**Task prompt:** Output the entries below word for word, stopping once the line containing "左の新しい葉が緑色多いからか、線が少ないからかテカテカしとる" is done, and omit each picture.

+---+

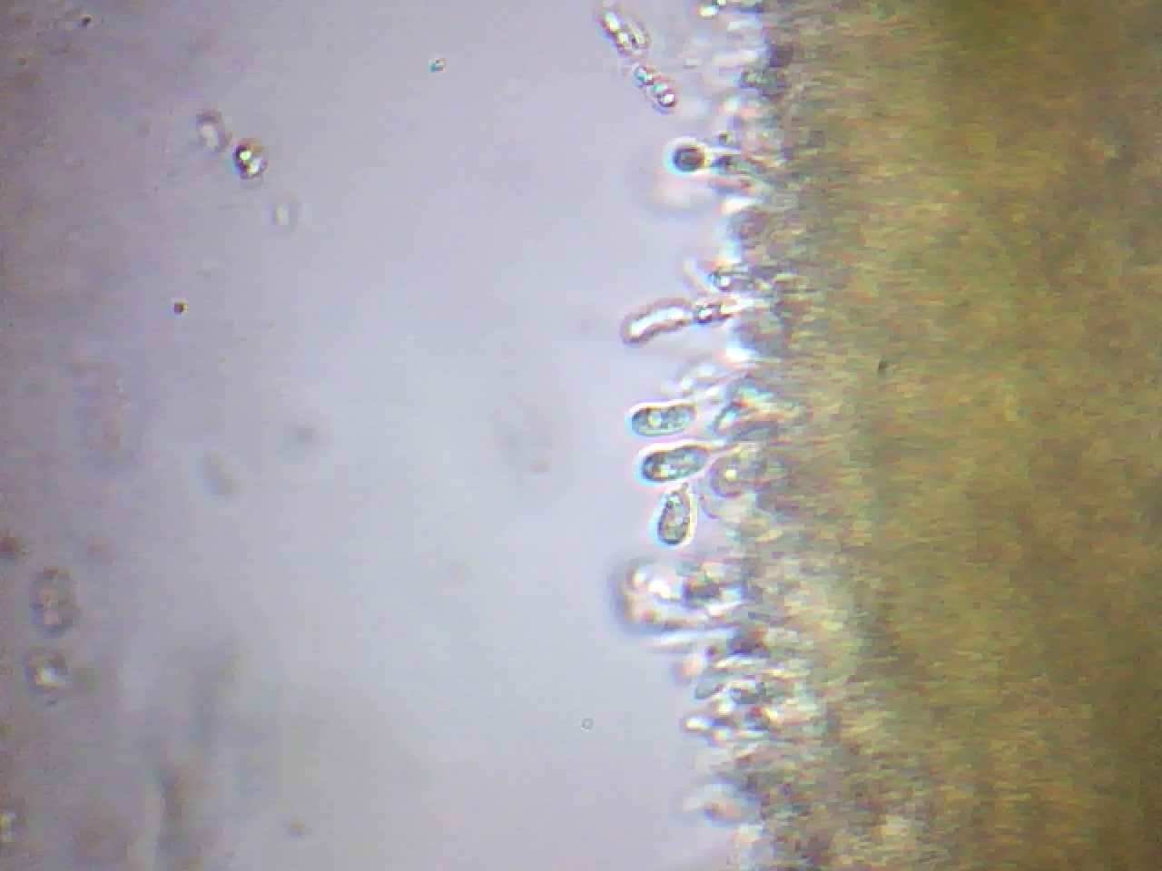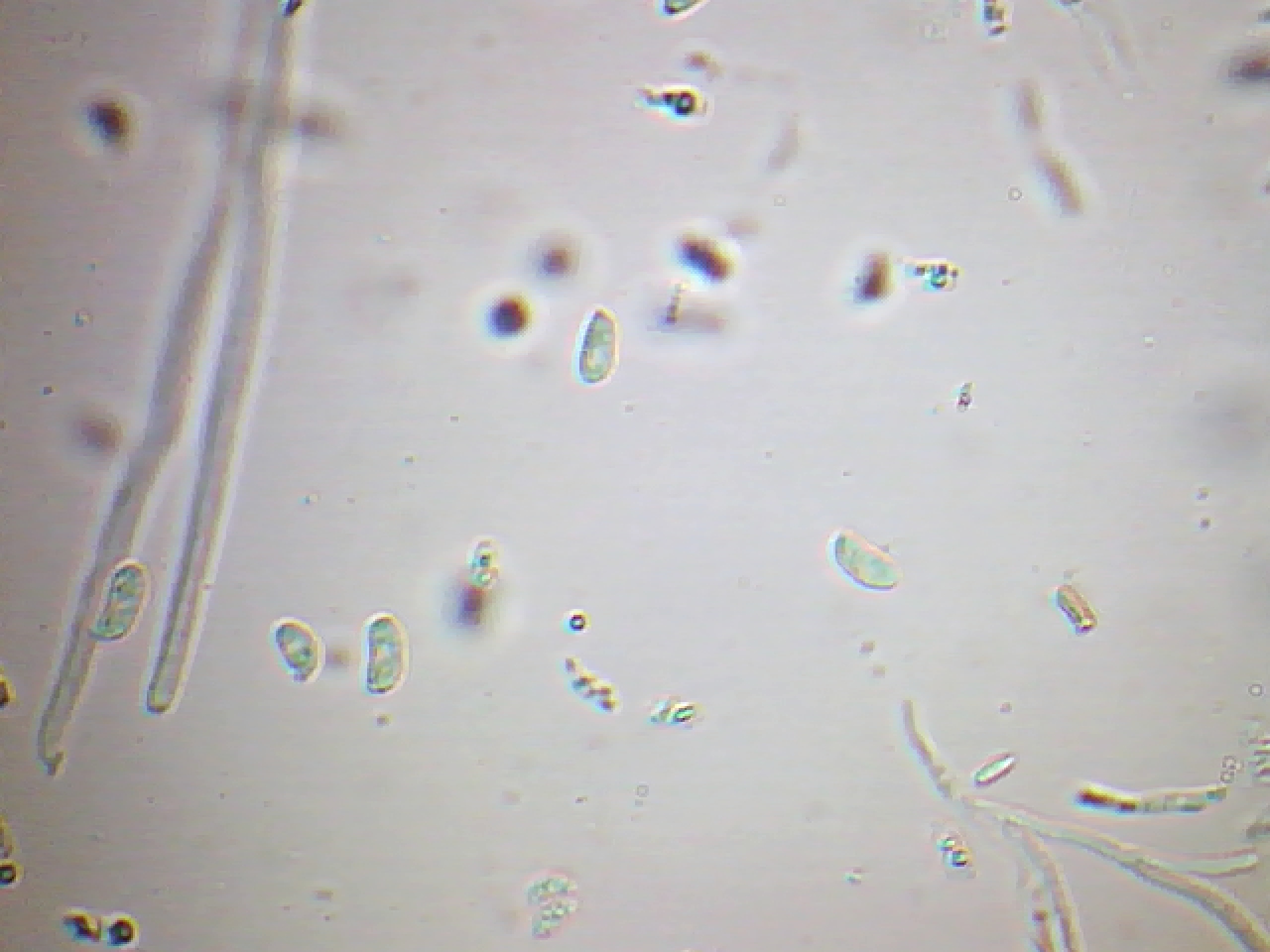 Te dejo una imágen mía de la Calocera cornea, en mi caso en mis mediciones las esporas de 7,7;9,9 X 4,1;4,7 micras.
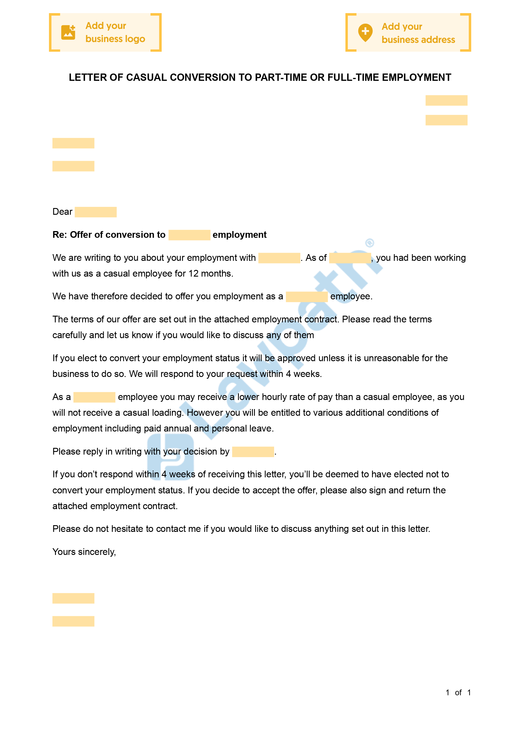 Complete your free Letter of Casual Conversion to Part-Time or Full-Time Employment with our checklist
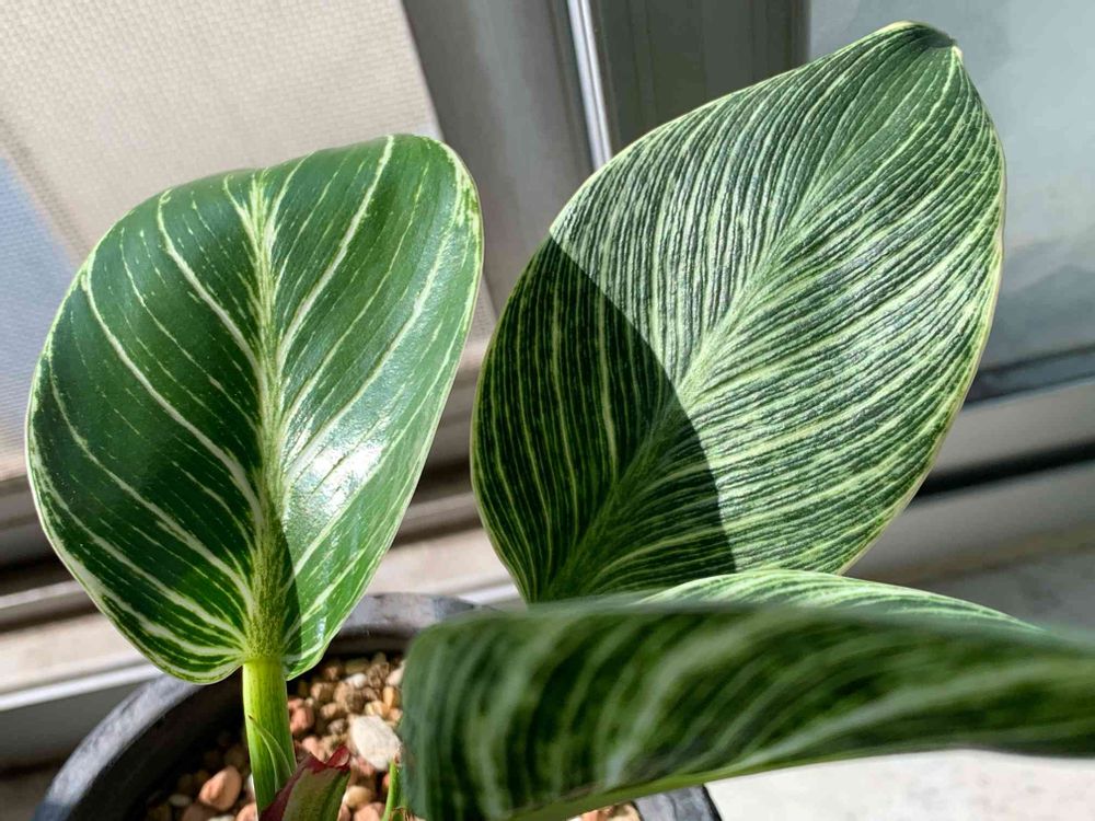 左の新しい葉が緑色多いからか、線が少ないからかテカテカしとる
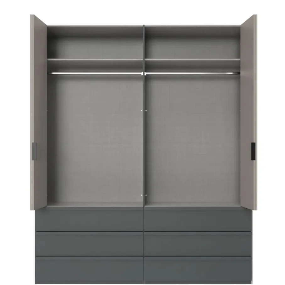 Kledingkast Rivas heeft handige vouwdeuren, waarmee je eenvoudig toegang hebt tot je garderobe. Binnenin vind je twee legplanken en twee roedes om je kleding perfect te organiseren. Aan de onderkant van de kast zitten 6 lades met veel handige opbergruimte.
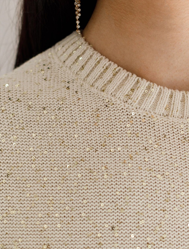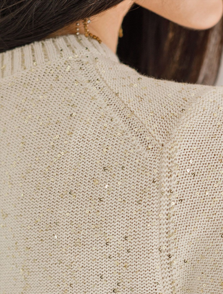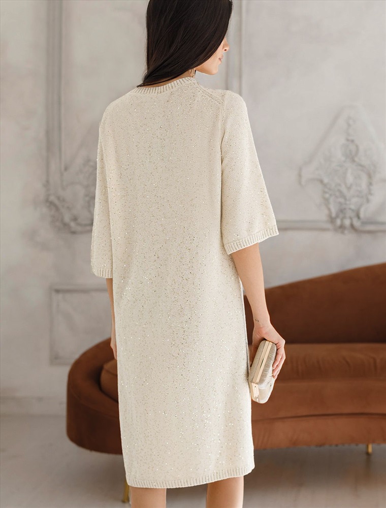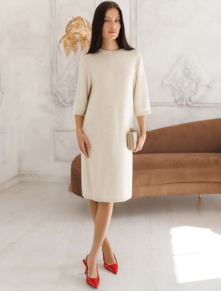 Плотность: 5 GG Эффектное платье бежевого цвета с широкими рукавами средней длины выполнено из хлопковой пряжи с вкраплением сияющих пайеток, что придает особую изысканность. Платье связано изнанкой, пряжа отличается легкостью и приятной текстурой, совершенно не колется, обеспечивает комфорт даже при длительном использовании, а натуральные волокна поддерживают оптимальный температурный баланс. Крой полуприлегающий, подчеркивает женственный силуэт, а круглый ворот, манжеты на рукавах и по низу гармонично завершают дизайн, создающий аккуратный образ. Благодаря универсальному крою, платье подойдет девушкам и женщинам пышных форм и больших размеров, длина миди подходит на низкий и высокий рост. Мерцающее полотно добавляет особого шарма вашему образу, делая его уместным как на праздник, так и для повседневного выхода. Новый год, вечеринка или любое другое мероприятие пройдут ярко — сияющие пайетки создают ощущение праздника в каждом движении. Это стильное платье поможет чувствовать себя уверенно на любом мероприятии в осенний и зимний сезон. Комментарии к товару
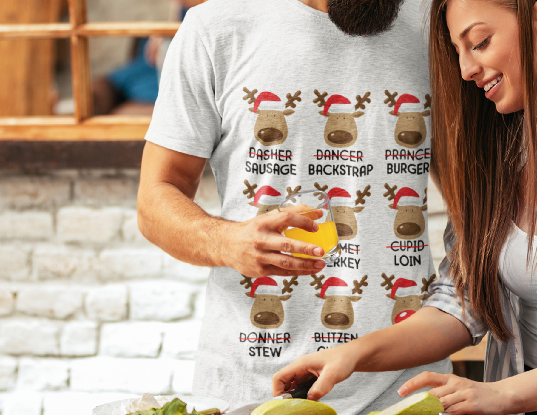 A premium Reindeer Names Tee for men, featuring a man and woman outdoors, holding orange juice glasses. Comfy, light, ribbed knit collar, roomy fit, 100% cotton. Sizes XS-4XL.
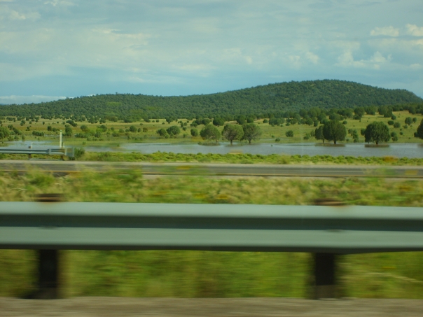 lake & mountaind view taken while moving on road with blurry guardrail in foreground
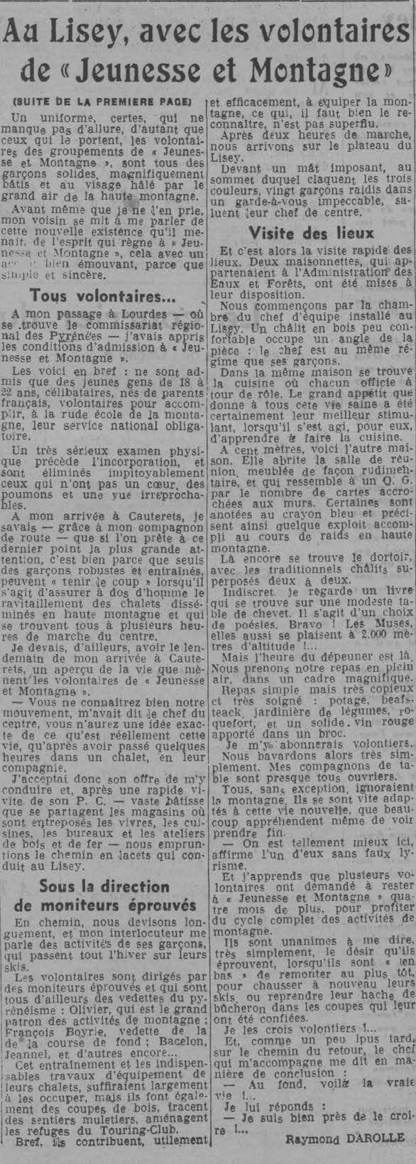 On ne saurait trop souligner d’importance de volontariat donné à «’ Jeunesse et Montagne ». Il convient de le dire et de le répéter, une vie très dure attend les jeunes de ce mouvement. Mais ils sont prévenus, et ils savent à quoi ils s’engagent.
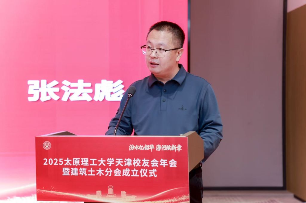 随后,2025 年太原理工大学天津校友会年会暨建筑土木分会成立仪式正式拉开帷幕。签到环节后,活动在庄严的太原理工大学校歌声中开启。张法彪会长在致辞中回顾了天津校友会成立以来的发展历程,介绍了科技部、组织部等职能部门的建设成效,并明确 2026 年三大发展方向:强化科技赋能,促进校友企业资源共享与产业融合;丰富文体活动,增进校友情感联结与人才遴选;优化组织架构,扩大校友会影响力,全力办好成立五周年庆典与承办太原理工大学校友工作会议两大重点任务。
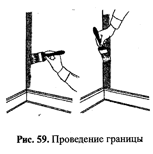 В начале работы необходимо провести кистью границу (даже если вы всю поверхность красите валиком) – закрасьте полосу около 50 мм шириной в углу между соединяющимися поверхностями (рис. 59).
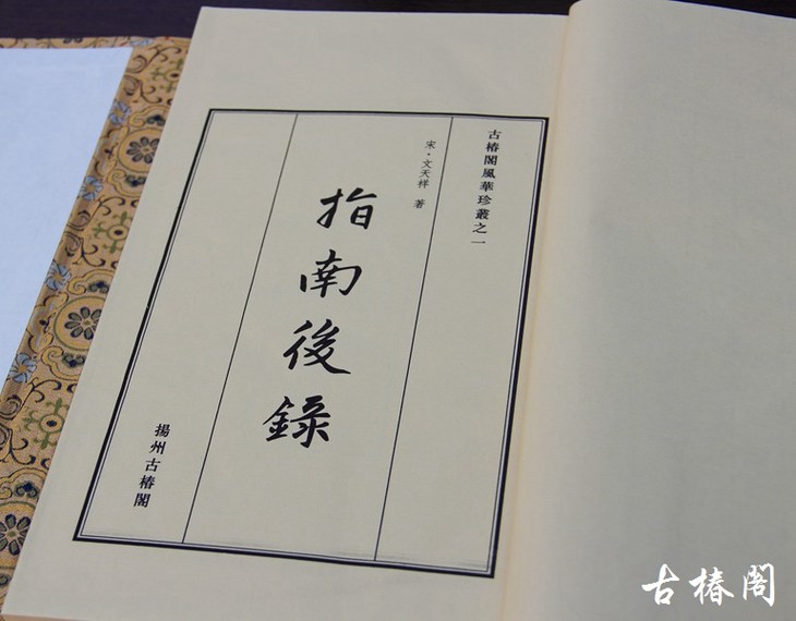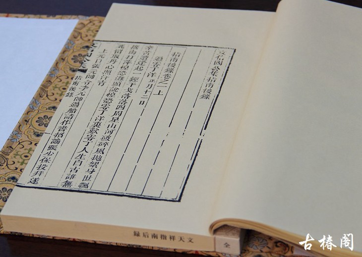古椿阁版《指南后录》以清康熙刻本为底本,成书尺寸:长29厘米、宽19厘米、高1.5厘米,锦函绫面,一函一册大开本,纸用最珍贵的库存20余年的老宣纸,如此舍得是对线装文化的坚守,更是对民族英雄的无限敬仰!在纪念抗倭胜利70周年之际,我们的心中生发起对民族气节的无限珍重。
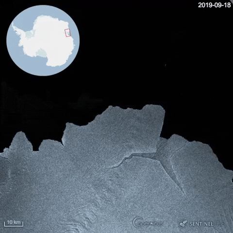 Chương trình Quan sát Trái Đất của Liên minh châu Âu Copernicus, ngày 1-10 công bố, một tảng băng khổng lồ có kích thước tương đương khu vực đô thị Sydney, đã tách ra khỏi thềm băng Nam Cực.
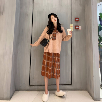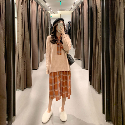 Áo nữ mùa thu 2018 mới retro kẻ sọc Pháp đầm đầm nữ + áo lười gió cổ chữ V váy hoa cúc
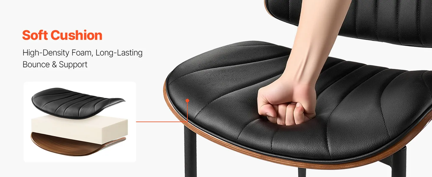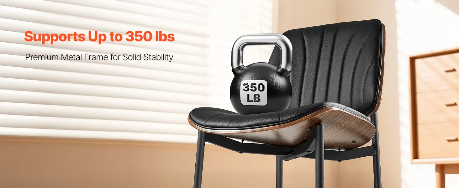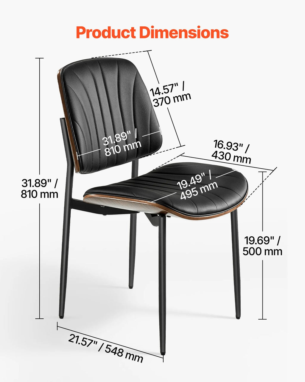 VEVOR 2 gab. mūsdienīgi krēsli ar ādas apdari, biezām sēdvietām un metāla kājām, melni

+---+

**Exercise solution:**
 Te dejo una imágen mía de la Calocera cornea, en mi caso en mis mediciones las esporas de 7,7;9,9 X 4,1;4,7 micras.
 Complete your free Letter of Casual Conversion to Part-Time or Full-Time Employment with our checklist
 左の新しい葉が緑色多いからか、線が少ないからかテカテカしとる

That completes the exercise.